All of Jane’s projects have been the fruits of several years of labour. An involvement of such kind cannot be possible, unless you’re consumed by your work. “The subjects have always chosen me. And when it does, it feels like I’ve been bitten by something. And then comes the obsession. I find myself organising my life around it, so that I can do it,” she said. However, such intentness can sometimes blur the finish line, that is, knowing when to stop. “I know I’m finished when I understand the story from A to Z. At the same time, I do have a tendency to stay just a little too long. Because I’m not sure of myself. Because I’m afraid I don’t have enough. Because I’m sad to leave it! Sometimes I have to withdraw deliberately, force myself to stop,” she said.
“It’s not that photography has had an ‘effect’ on my life. It’s given me a life—a fascinating, stressful, passionate, precarious, travelling life—which fulfills me completely when I’m working on a great story, but plunges me into despair when I’m in limbo, not working, worried about money, angry at how stupid people have become and how superficial and dangerous the world is now.”
At a stage where everyone is fighting against time, Jane’s work urges us against hurrying.
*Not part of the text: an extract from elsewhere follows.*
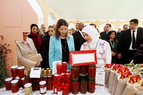 | La Princesse Lalla Meryem (1re à gauche, 1er plan) visite un stand d'exposition des produits fabriqués par les femmes. |

It is in patience, in listening and in questioning everything, that she urges us to care deeply for all that matters, her work probing the fact that things are never the same as they seem on the surface.
Jane Evelyn Atwood was born in New York and has been living in France since 1971. Fascinated by people and by the idea of exclusion, her projects have led her to receive several awards… the Ernst Haas Award (1994), Alfred Eisenstaedt Award (1998), the Oskar Barnack Prize, Leica Camera (1997), amongst others. Jane is the author of several books, namely, Rue des Lombards (2011), Jane Evelyn Atwood (2010) (a monograph), Badate (2008), Haiti (2008), À Contre Coups (2006), Sentinelles de L’ombre (2004), Too Much Time: Women in Prison (2000), Extérieur Nuit (1998), Légionnaires (1986), Nächtlicher Alltag (1980), amongst others.